19. S’agissant plus spécifiquement des drones équipés d’une caméra, le juge des référés du Conseil d'État a considéré que le dispositif de surveillance litigieux […] qui consiste à collecter des données, grâce à la captation d’images par drone, à les transmettre, dans certains cas, au centre de commandement de la préfecture de police pour un visionnage en temps réel et à les utiliser pour la réalisation de missions de police administrative constitue un traitement (Conseil d'État, ordonnance du 18 mai 2020, nos 440442 et 440445). Constatant qu’aucun dispositif n’était mis en place pour empêcher, dans tous les cas, que les informations collectées puissent conduire à rendre les personnes identifiables, cette juridiction conclut que les données susceptibles d’être collectées par le traitement litigieux doivent être regardées comme revêtant un caractère personnel .

20. Enfin, dans un avis du 20 septembre 2020 relatif à l’usage de dispositifs aéroportés de captation d’images par les autorités publiques, le Conseil d'État a précisé que eu égard notamment aux technologies actuellement disponibles et à leur évolution et aux moyens matériels dont disposent les autorités publiques, le Conseil d’État estime que les images de personnes captées au moyen de caméras aéroportées par ces autorités dans le cadre de missions de sécurité publique ou de sécurité civile doivent, en principe, être regardées comme des données personnelles et que, par suite, la collecte et l’utilisation de ces images sont soumises au respect des textes rappelés ci-dessus. Il pourrait toutefois en aller autrement en cas d’emploi dans des conditions particulières excluant l’existence de possibilités raisonnables d’identifier des personnes, ou dans l’hypothèse où seraient mis en œuvre des dispositifs techniques empêchant l’identification (Conseil d'État, section de l’intérieur, séance du mardi 20 septembre 2020, no 401 214).

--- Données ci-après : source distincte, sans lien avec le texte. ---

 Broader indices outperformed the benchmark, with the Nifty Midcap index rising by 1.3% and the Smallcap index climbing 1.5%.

21. La formation restreinte rappelle qu’en l’espèce, la préfecture de police de Paris, le groupement de gendarmerie départementale de Haute-Garonne et le commissariat de Cergy-Pontoise ont reconnu avoir utilisé des drones équipés d’une caméra dans le cadre de vérifications du respect des mesures de confinement et, pour la préfecture de police de Paris, pour d’autres finalités, notamment judiciaires et de maintien de l’ordre. Ces drones ont volé à une altitude comprise, selon les acteurs, entre 30 et 120 mètres et étaient équipés d’un objectif de 12 millions de pixels pouvant agrandir l’image entre six et vingt fois.

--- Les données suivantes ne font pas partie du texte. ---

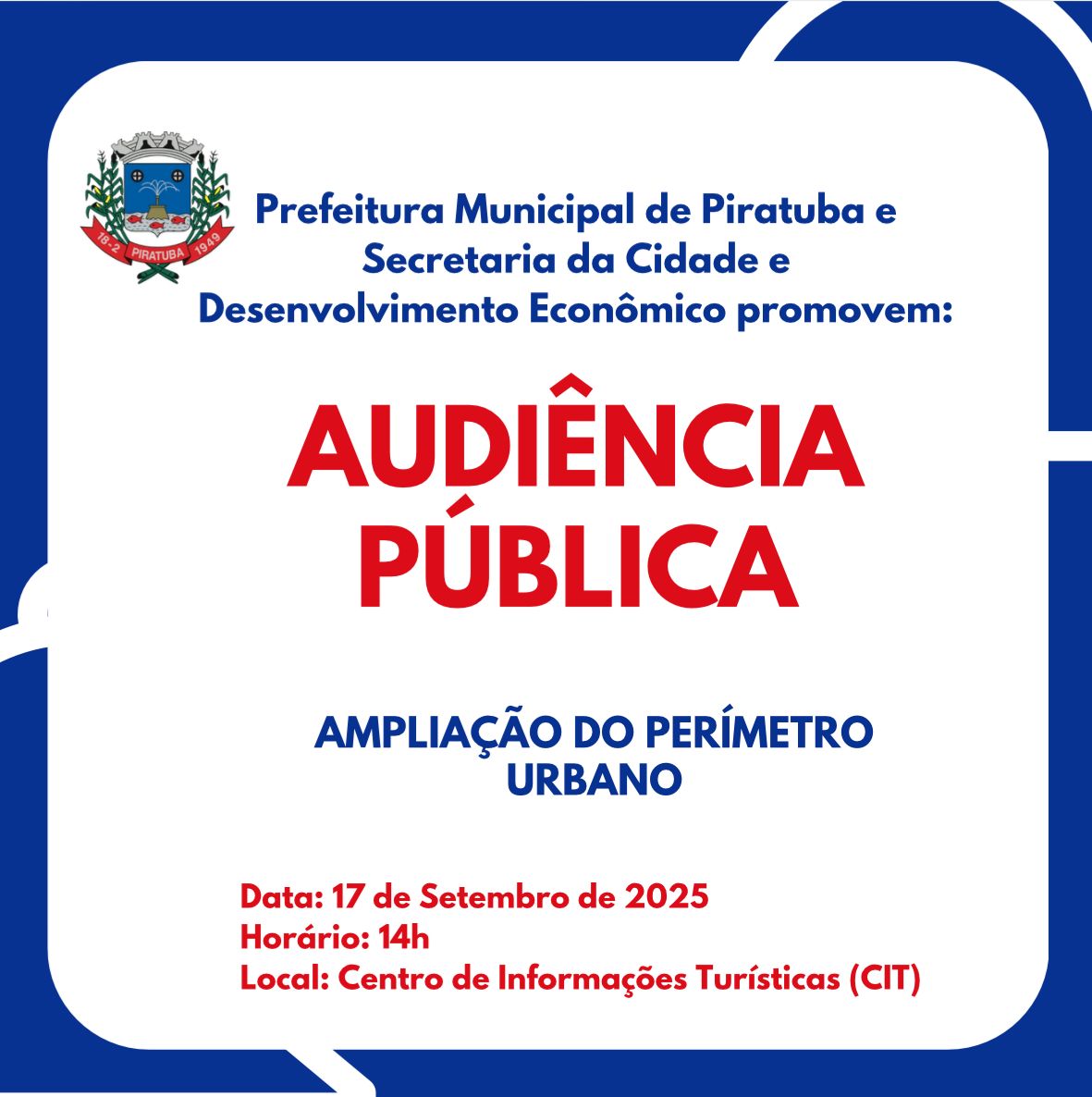 O Município de Piratuba, Estado de Santa Catarina, por meio do Prefeito Municipal, no uso de suas atribuições legais e em cumprimento ao disposto na legislação urbanística e de planejamento municipal, torna público e convida a comunidade em geral, entidades representativas e interessados para participarem da Audiência Pública que tratará da expansão do perímetro urbano em parte de área localizada no Bairro Verde, nesta municipalidade.

22. La délégation de contrôle, ayant fait réaliser un vol d’essai de drone le 9 juillet 2020, a constaté que les caractéristiques techniques évoquées ci-dessus permettent l’identification des personnes.

23. En second lieu, s’agissant d’un éventuel dispositif de floutage qui pourrait permettre de rendre les personnes concernées non identifiables, la formation restreinte note, tout d’abord, que la préfecture de police de Paris, le groupement de gendarmerie départementale de Haute-Garonne et le commissariat de Cergy-Pontoise ont indiqué, dans leur réponse aux questionnaires envoyés, qu’aucun dispositif de floutage n’avait été mis en place.

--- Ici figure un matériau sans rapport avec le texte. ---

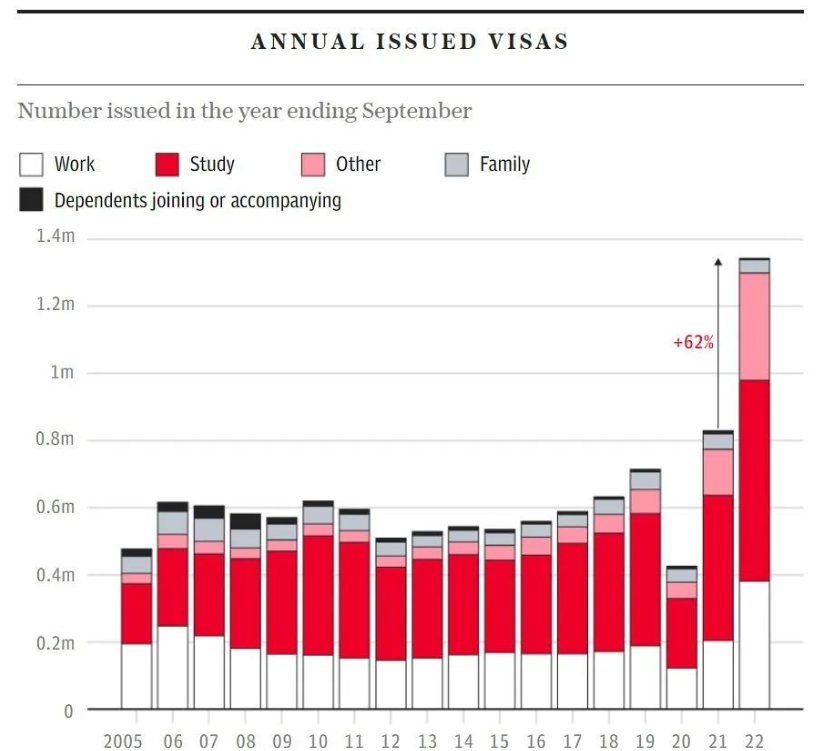 上月公布的數(shù)據(jù)顯示,截至今年6月,英國凈移入人數(shù)達(dá)到50.4萬人。這一增長(zhǎng)的部分原因是,在截至9月的一年中,學(xué)生簽證數(shù)量達(dá)到創(chuàng)紀(jì)錄的476,389份,比2019年增長(zhǎng)了77%。

24. Elle observe ensuite que la préfecture de police de Paris a ultérieurement indiqué, lors du contrôle réalisé le 9 juillet 2020, qu’un dispositif de floutage était en cours de développement. Le ministère de l'intérieur a précisé, durant la séance du 10 décembre 2020, que son déploiement était effectif depuis la fin du mois d’août 2020.

25. En conséquence, la formation restreinte relève, d’une part, qu’un tel dispositif n’était pas mis en œuvre lors des vols évoqués dans les questionnaires envoyés aux services opérationnels, et que des drones équipés d’une caméra ont donc procédé à de nombreux vols sans floutage des images collectées avant le déploiement du mécanisme. Elle considère, d’autre part, que le dispositif décrit durant la présente procédure ne saurait, pour autant, soustraire les images collectées à la règlementation applicable en matière de la protection des données à caractère personnel.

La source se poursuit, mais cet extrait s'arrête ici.